The management of leiomyosarcoma may differ considerably, though radical resection of the lesion is undoubtedly the treatment of reference (5). Spiess et al. (6) published a review of cases treated in their center, in which surgery was the primary treatment choice. These authors underscored the importance of resection margin status as a determinant factor for patient survival. A range of approaches can be found in the literature, including neoadjuvant chemotherapy involving a variety of regimens - mainly active chemotherapy in soft tissue sarcomas with doxorubicin - ifosfamide, gemcitabine - docetaxel, for example (7,8). Sawhney et al. (9) reported the case of a patient who showed almost complete response with a "modern" regimen of docetaxel with gemcitabine, provided on a neoadjuvant basis, followed by radical surgery.

Other described options include neoadjuvant chemo-radiotherapy.

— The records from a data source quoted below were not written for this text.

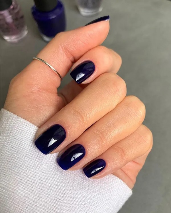Ще один трендовий колір манікюру цього сезону — насичений темно-синій. Він по-своєму унікальний, тому що зовсім по-різному виглядає залежно від світла. Він може бути максимально близький до чорного, а за інших обставин розкриється різними відтінками синього, наприклад, може відливати сапфіровим або індиго.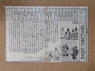 瓦版「使節の帰国」 東善寺蔵 ![]() ▲右下、5人の人物は出発を伝える瓦版と同じ絵だから、元の絵の右上にあった蒸気船の絵を外して西洋館の絵と入れ替えた(手抜きした)とわかる。 |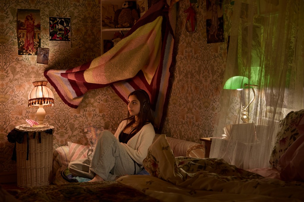 The actual experience began in a corridor leading to a brightly-lit teenage bedroom from the 2000s. We were instructed to lie on small beds while Helena Bonham Carter, in full ASMR mode, narrated a bedtime story. The room dimmed, then lights shone on posters and drawings on the wall in time with the story of Princess Viola: her parents died when she was young, leaving her to be unhappily wed to a prince.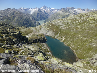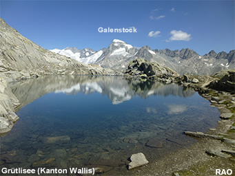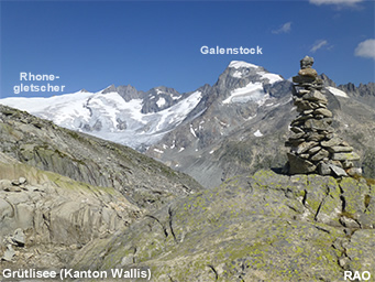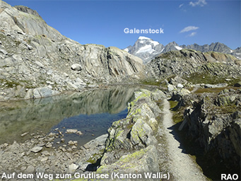 Ab dem «grosse Stei», einer Hugelkuppe mit einem «Steimanndli», windet sich der Bergwanderweg abwärts zur «Roti Blatte» und weiter hinunter zur Seitenmoräne des Rhonegletschers. Am talseitigen Ende der Seitemoräne zweigt der Rundweg nach rechts ab und führtsteil bergwärts durch das Bärenritz, einem kleinen Tal, hinauf zum rund 300 Meter höher gelegenen Grütlisee. Der Weg ist nicht immer gut zu finden. Im oberen Teil folgt er teilweise einem alten Säumerweg, der durch einige gut befestigte Passagen beeindruckt.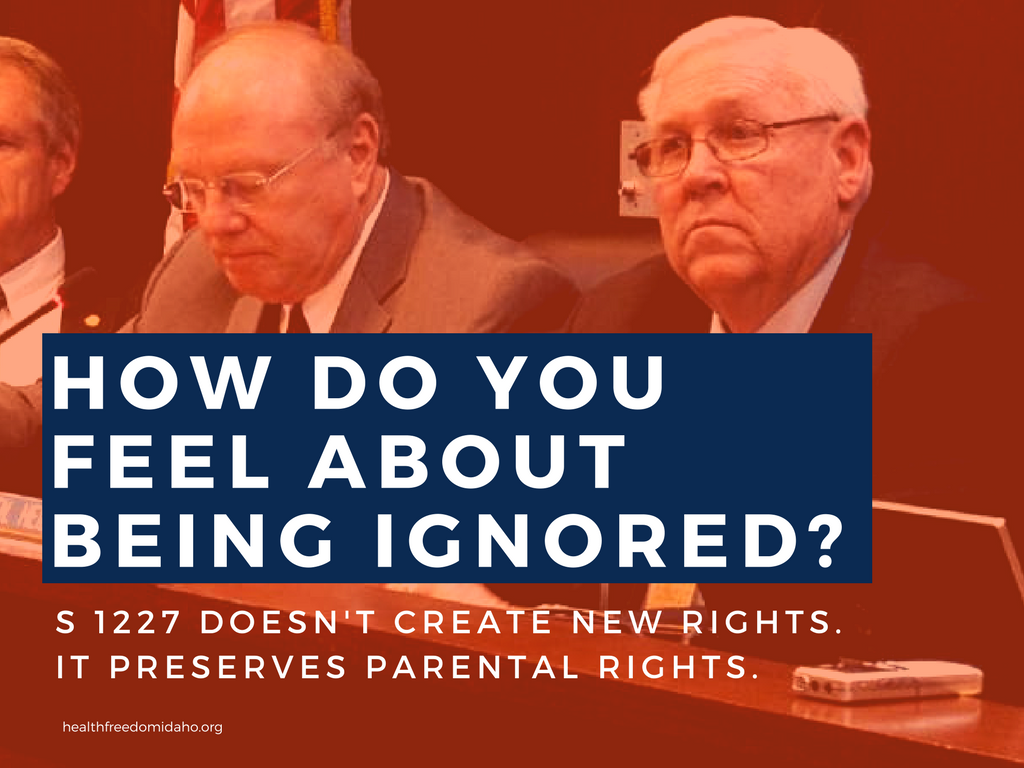 However, it quickly became apparent that Senator Heider, did not intend to ever let the bill leave his drawer. In fact, Senator Heider told Miste Karlfeldt, Executive Director of Health Freedom Idaho that he had instructions from Governor Otter, directing him to keep the bill drawered. The governor and Dick Armstrong, the director of the Department of Health & Welfare, had plans for a bill that would change the statute to specify that IDHW’s form be required from parents when attempting to register their children for school after exercising their right to exempt them from vaccinations. After members of Health Freedom Idaho and other concerned parents inundated the governor’s office with phone calls and emails protesting such actions, the controversial bill was never presented.

Different preoperative radiotherapy doses have been used (20-50 Gy) with or without chemotherapy (10). Garcia-Torrelles et al. (11) have reported a case in which neoadjuvant chemotherapy with adriamycin and ifosfamide was administered, with a partial tumor response, followed in a later stage by radical surgery. An alternative to radical resection is feasible, provided the patient accepts the need for strict monitoring, and on the condition that there is no residual disease. If such close follow-up is not possible, radical surgery with broad margins is the treatment of choice.

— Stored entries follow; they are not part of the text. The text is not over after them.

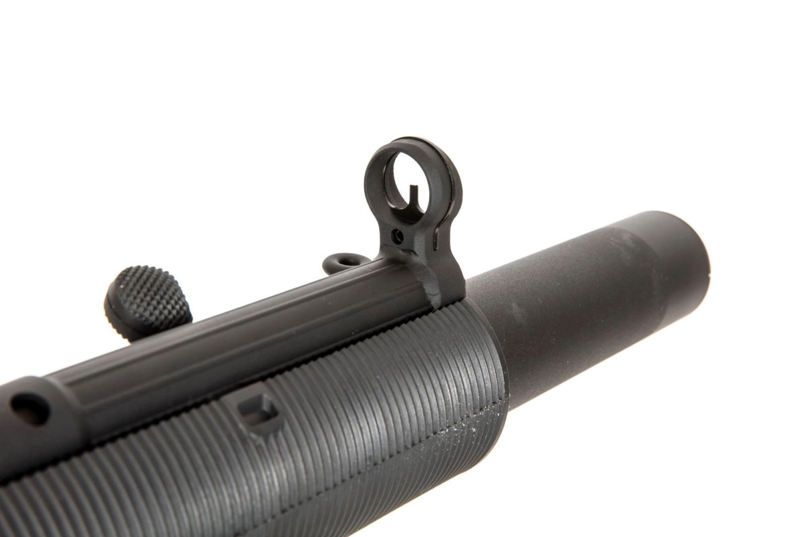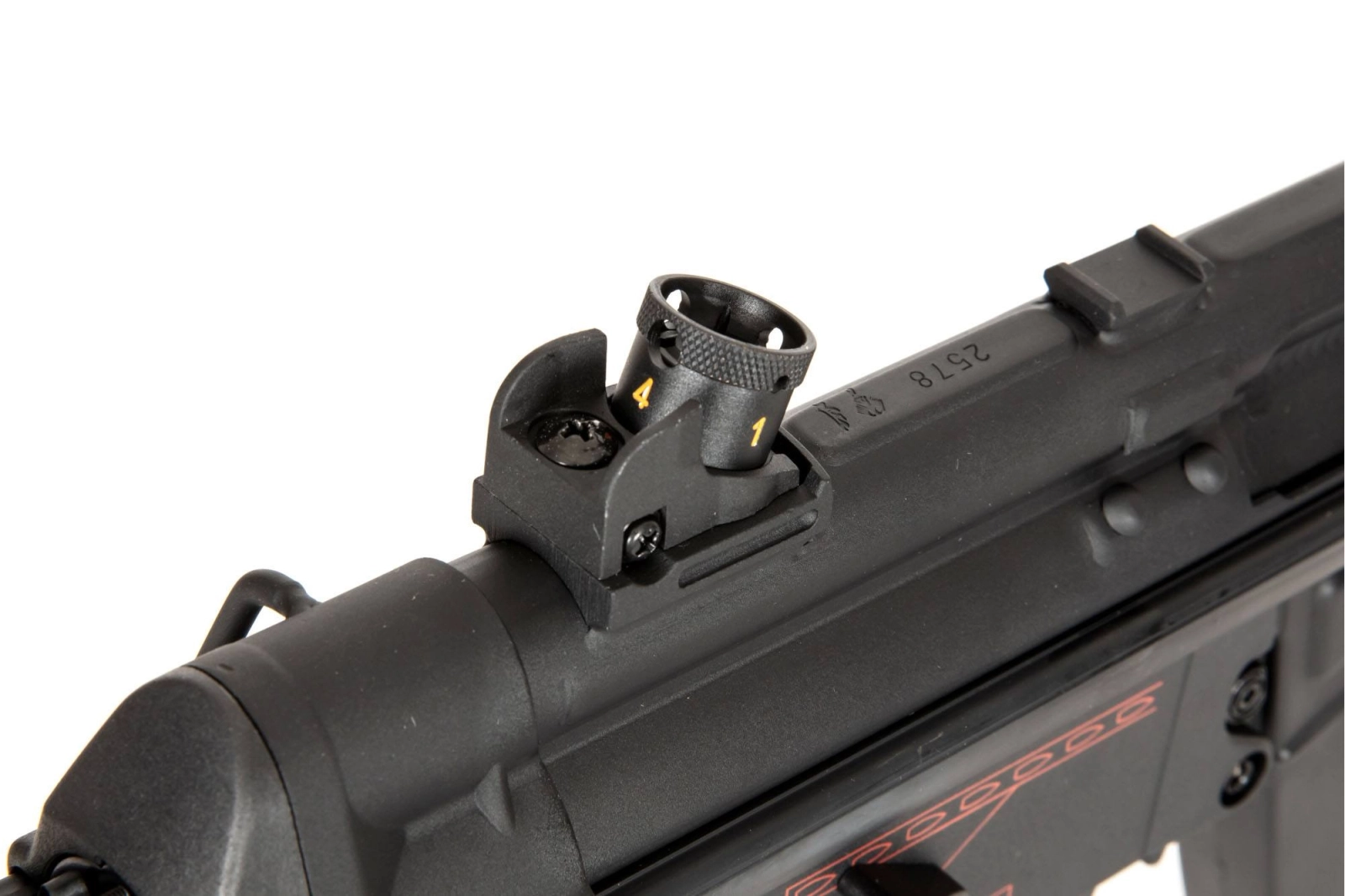 SR5-SD6 to znakomita replika pistoletu maszynowego AEG, w której upper receiver wykonano z blachy stalowej, co wyróżnia tę serię spośród innych dostępnych na rynku. Stalowy jest tu również magazynek oraz detale takie jak mocowania pasa nośnego. Pozostałe elementy metalowe takie jak lufa zewnętrzna, prowadnica kolby czy tłumik wykonano ze stopu aluminium. Podobnie jak w palnym oryginale ze wzmocnionego tworzywa nylonowego wykonano osłonę tłumika, lower receiver wraz z chwytem pistoletowym i stopkę kolby.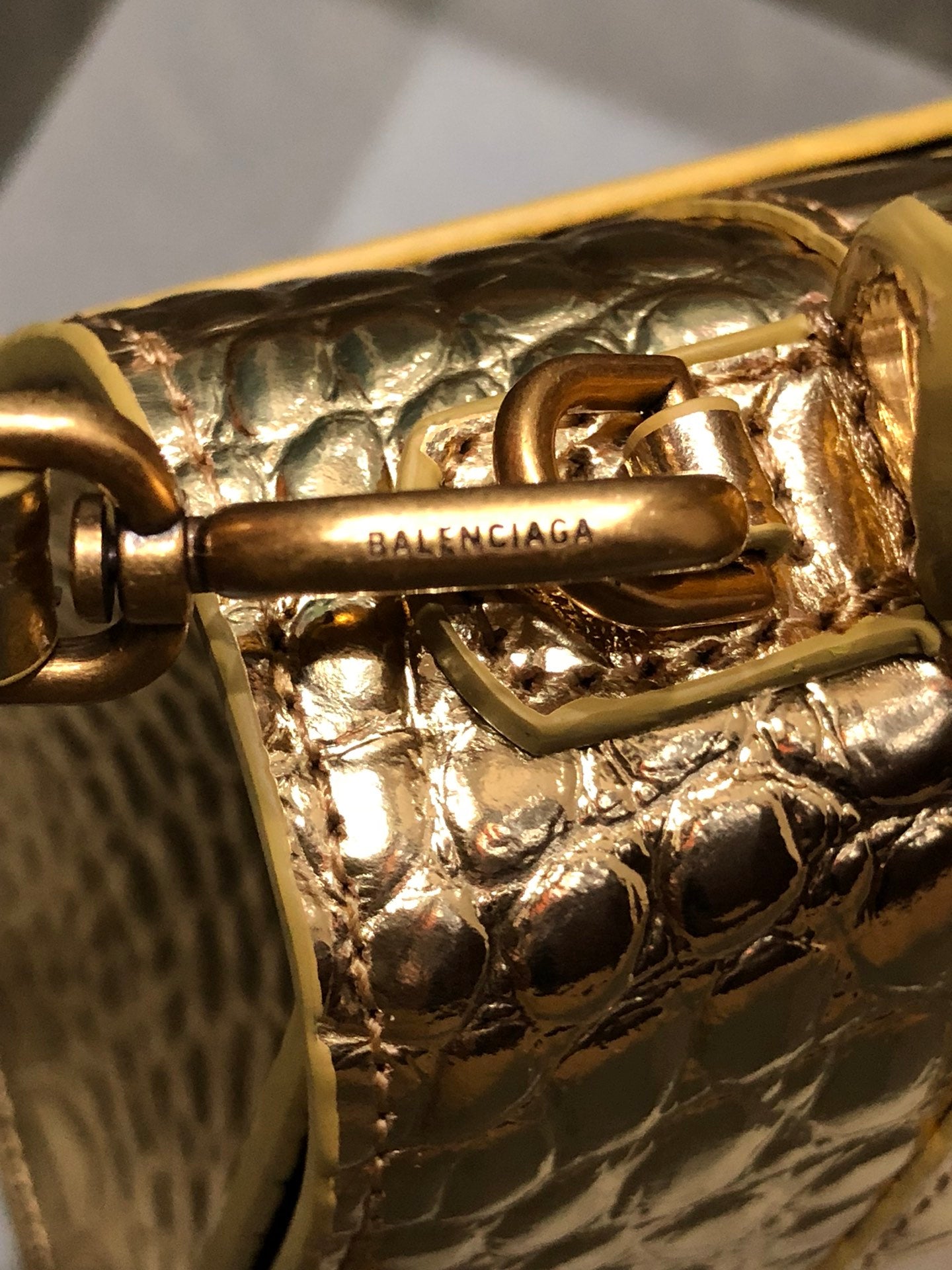 Balenciaga Hourglass Crocodile Bag with Golden Buckle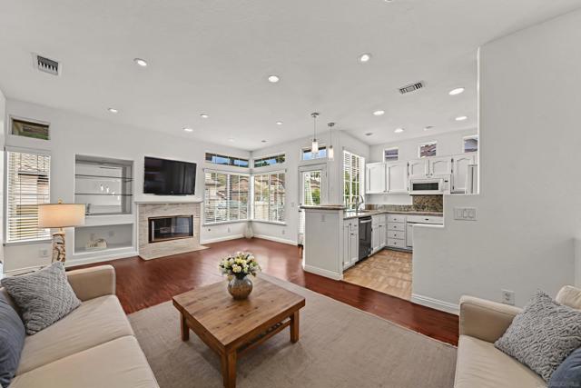 Beautiful corner end unit offering 2 bedrooms, 2 bathrooms, and 1,082 square feet of comfortable living space with stunning views of the mountains and foothills of Poway. This light filled home features an open floor plan, upgraded hardwood laminate flooring stairs, tiled bathrooms, elegant molding details, and a refinished fireplace that adds warmth and character. Enjoy the large private balcony, perfect for relaxing or entertaining while taking in the gorgeous natural views. The spacious primary bedroom, oversized 1 car garage with closet and extra storage, and peaceful setting make this home especially inviting. The well maintained community offers a resort style heated pool, spa, and ample guest parking. Located in the highly regarded Poway Unified School District and just minutes from Carmel Mountain, Scripps Ranch, Poway, I 15, and SR 56, this rarely available end unit also backs to a serene hillside with hiking trails, natural landscape, and private patios. *Some images have been digitally altered. Beautiful corner end unit offering 2 bedrooms, 2 bathrooms, and 1,082 square feet of comfortable living space with stunning views of the mountains and foothills of Poway. This light filled home features an open floor plan, upgraded hardwood laminate flooring stairs, tiled bathrooms, elegant molding details, and a refinished fireplace that adds warmth and character. Enjoy the large private balcony, perfect for relaxing or entertaining while taking in the gorgeous natural views. The spacious primary bedroom, oversized 1 car garage with closet and extra storage, and peaceful setting make this home especially inviting. The well maintained community offers a resort style heated pool, spa, and ample guest parking. Located in the highly regarded Poway Unified School District and just minutes from Carmel Mountain, Scripps Ranch, Poway, I 15, and SR 56, this rarely available end unit also backs to a serene hillside with hiking trails, natural landscape, and private patios. *Some images have been digitally altered.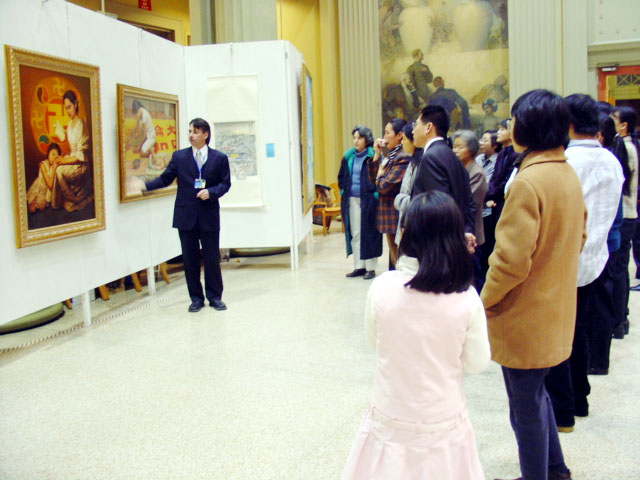 “真善忍美展”在麻省理工学院隆重开幕 图为画展全貌

In addition to insisting on the need for radical surgery, Labanaris et al. (12) advocate strict adherence to standard surgical techniques, to reduce the percentage of diseased surgical margins and incidence of locoregional relapse.

The use of radiotherapy in tumors of this kind can be considered mainly in patients with large tumors (in a way similar to soft tissue sarcomas), and in patients subjected to conservative surgery, with a view to reducing the risk of local relapse. In addition, radiotherapy could be used in a way similar to other soft tissue sarcomas, i.e., in large tumors or with affected surgical margins (13,14).

The present case is an example of the integration of new management strategies based on a multidisciplinary approach, with satisfactory results, since 20 months after treatment the patient remains free of disease. This suggests the possibility that these tumors have a better prognosis than previously believed, since there are series in the literature that report disease-free survival rates after 5 years of 62-84% (15).

Conclusion

Bladder leiomyosarcoma is an infrequent tumor in which complete surgical resection remains the management option of choice.

Of note in the present case is the use of conservative surgery, which is regarded as feasible provided the entire neoplasm is removed.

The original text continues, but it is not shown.